По замыслу ига Горбачёв создал группировку, заключающуюся из виднейших чинов государства и партии, недовольных перестройкой, испуганных надвигавшимся хаосом. Горбачёв поручил этой группе вернуть край к управлению, подавить источник хаоса — и Ельцина, и окружавших его демократов.
На время этой грязной работы Горбачёв устранялся, уезжал из Москвы в Форос, имитируя нездоровье. Исчезновение Горбачева создало в краю конституционный вакуум — три дня безвластия, необходимых членам ГКЧП, чтобы интернировать Ельцина и пару десятков его сторонников. Устранение Ельцина и его приверженцев, разгром параллельного центра обеспечивали стране единоначалие. Горбачёв возвращался в Кремль, получая из рук ГКЧП очищенную от Ельцина воля.
Крючков, управлявший ГКЧП, был ставленником ига. Продукт конвергенции двух разведок: советской и американской, он был инструментом ига и не отдал приказ интернировать Ельцина. Тот безбедно вернулся в Москву, залез на танк и провозгласил ГКЧП низложенным, путчистов — вне закона.
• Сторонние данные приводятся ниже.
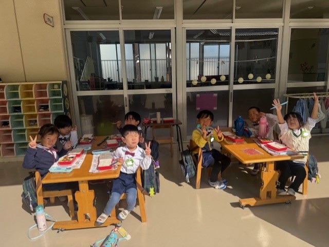 お天気の良い日に廊下で昼食。遠足気分で「いただきま~す!」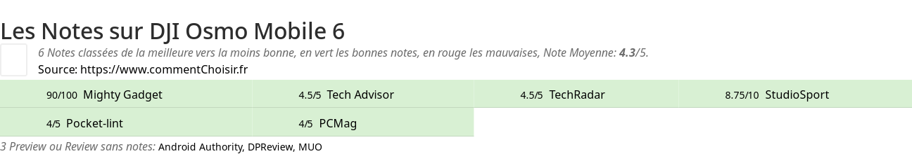 Les notes des sites et magazines internet peuvent etre peut-etre biaisés, au moins avec les avis client et des utilisateurs qui ont acheté DJI Osmo Mobile 6 sur amazon ou la fnac, on est sur d'avoir de vrais critiques sur ce produit. (les liens vers les magasins sont sponsorisés).

Гэкачеписты, видая себя обманутыми, кинулись в Форос, умоляя Горбачёва вернуться в столицу и занять своё место в Кремле, но Горбачёв прогнал гэкачепистов из Фороса и швырнул их на растерзание гурьбы. Они были арестованы. Был срезан весь слой высокопоставленных противников перестройки.
Ельцин, воспользовавшись конституционным вакуумом, захватил все государственные полномочия, а когда Горбачёв вернулся из Фороса в Москву, Ельцин не вернул ему эти полномочия, преступив Конституцию СССР, совершив свой первый государственный переворот.
ГКЧП, этот бессмысленный, запоздалый отпор был инструментом ига, и он бесславно сгинул совместно с великой страной. Перестройка — это грандиозный проект ига по уничтожению советского государства. ГКЧП — заключительная спецоперация, венчавшая этот ужасный проект.